Stock picking in small caps – the opportunity
We are seeing an opportunity to supply capital to quality companies in this segment we know well and we’ve been watching closely as they’ve been caught up in the sell off.
Companies including Aroa Biosurgery, a regenerative soft tissue repair bio tech company, Antisense, a Phase 2 drug developer in muscular dystrophy, and Prophecy, a cyber and call centre provider. These are names we’ve recently added to our portfolios as we look for to capitalise on the small caps opportunity.
Because our ethical process naturally tilts our portfolios towards healthcare and technology companies – away from materials and industries like fossil fuels and miners outside of renewable energy – we have built strong relationships with the management teams and among companies in the smaller and micro-capitalised end of the market.
We’ve been actively talking to 60 or more companies and management teams caught up in the sell off. As interest rates peak in this cycle, we believe the opportunity will continue to improve as investors return to this segment of the market.
Rising interest rates in the last year and a half from almost zero to the 4.25% cash rate the Reserve Bank of Australia raised to in November has led to an unusual period of small cap versus large cap performance. It’s the most consecutive quarters where we’ve seen large caps outperform small caps in the last 20 years.
Source: Factset 18 October 2023
When interest rates and asset yields go up the way they have over the last 18 months, risk assets like equities are prone to sell offs.
The Australian equities market as a whole has sold off, finishing the September quarter of the calendar year lower than where it started in January.
Source: Factset 18 October 2023
In small caps, the sell off has been even more pronounced. Not only has liquidity impacted small cap names, long duration assets and companies without present cashflows – many tech and early stage healthcare and biotech companies fit this description – have seen downward pressure on their public market valuations.
We believe this scenario presents an opportunity, particularly as we believe the rationale for investing in small companies hasn't changed.
These companies offer superior growth over the wider market. The combination of two years of underperformance and an interest rate cycle that looks be nearing its peak is a promising backdrop.
We’re starting to see signs bargain hunters are coming into this part of the share market looking to acquire companies cheaply. This is an indication to us the market cycle could be reaching a turning point.

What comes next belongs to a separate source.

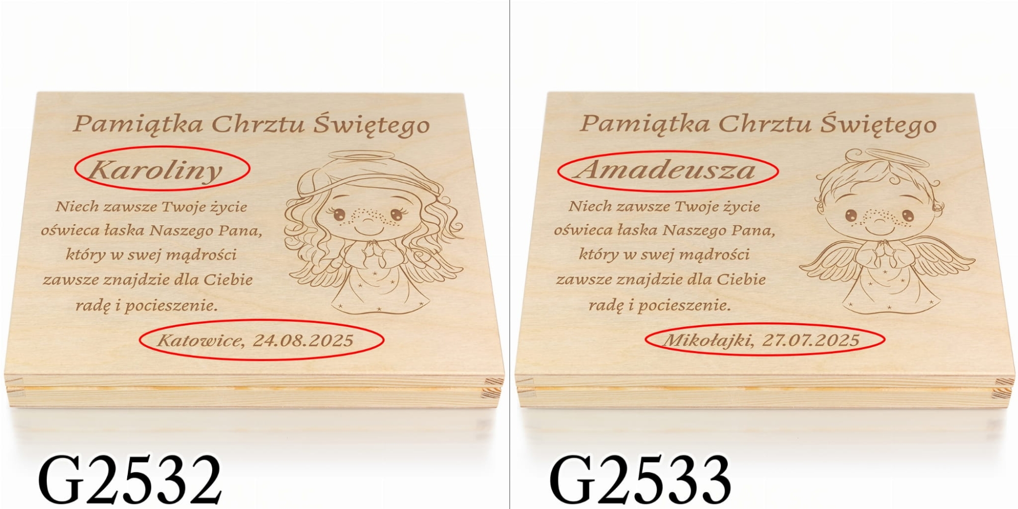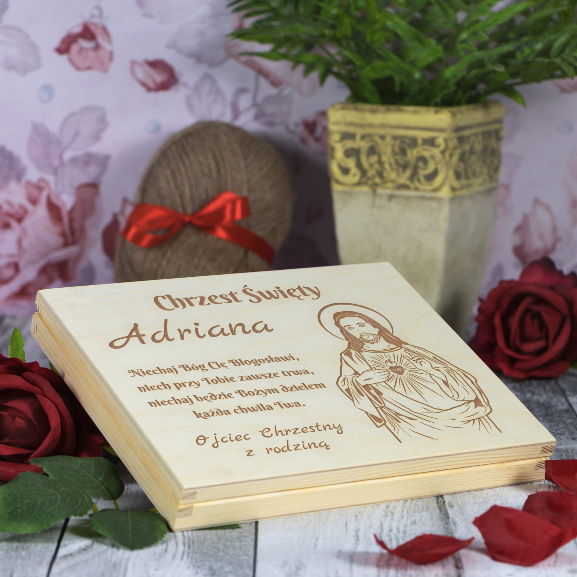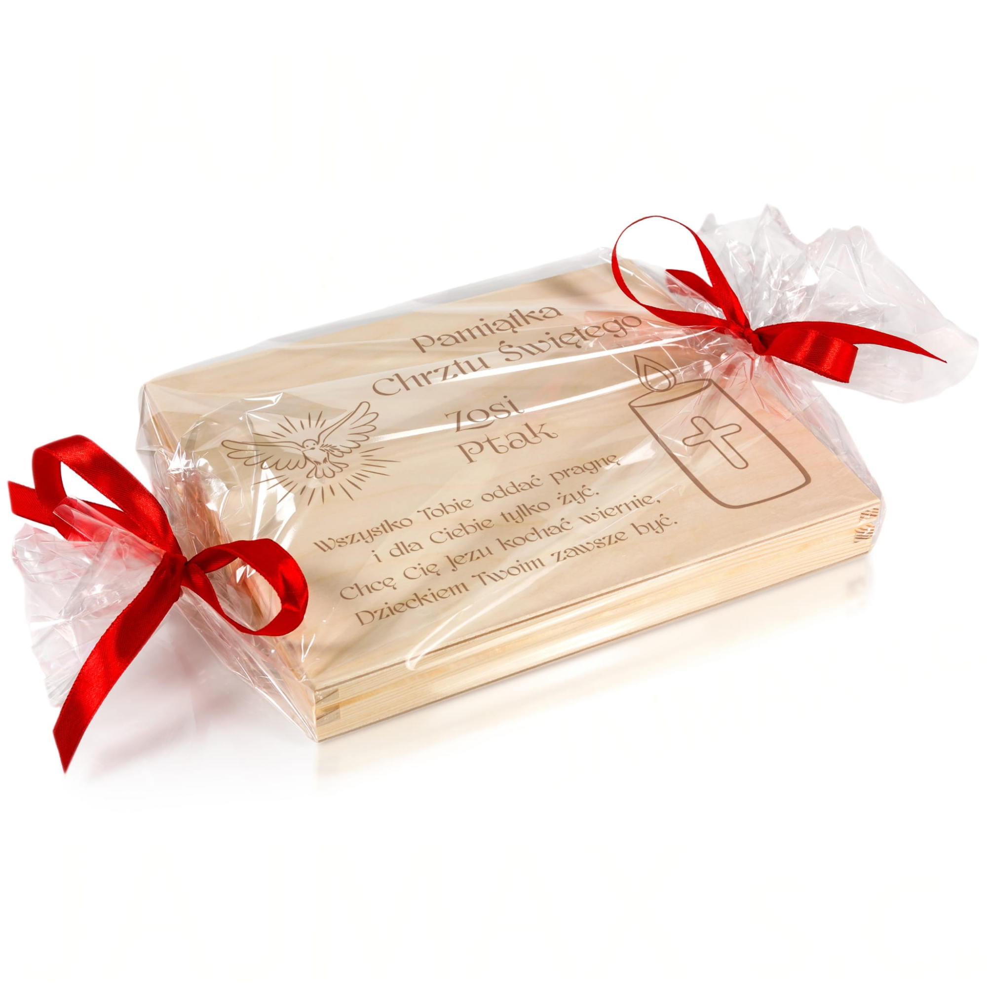 Jeżeli niebawem wybierasz się na Chrzest Święty i zastanawiasz się jaki prezent na chrzest dla dziecka wybrać, doskonale trafiłeś. Nasze spersonalizowane drewniane pudełko doskonale zastąpi tradycyjną kopertę i w pomysłowy sposób będziesz mógł podarować w prezencie pieniądze. W pudełku możesz podarować również inny prezent na chrzest np. łańcuszek, zdjęcia, czekoladki Merci. Indywidualny grawer według Twojego zamówienia sprawia, że takie pamiątki chrztu dla dziecka są wyjątkowe. Do wyboru wiele motywów graficznych zarówno religijnych jak i dziecięcych, dlatego z pewnością znajdziesz wzór idealny zarówno na prezent na chrzest dla chłopca jak i prezent na chrzest dla dziewczynki.

Private Equity bids for companies including software company Limeade, Australian Broadband’s acquisition of Symbio, and the Japanese conglomerate Kierin’s takeover of vitamin company Blackmores are examples of a recent spate of mergers and acquisitions.
We expect there to be continuing corporate and private equity interest in small and micro-cap companies with valuations at these levels.
More liquidity coming back to this end of the market, whether it be from dedicated small and microcap managers, all cap managers beginning to look at smaller companies again, private equity or strategic buyers, could provide a positive backdrop for investors with small caps expertise.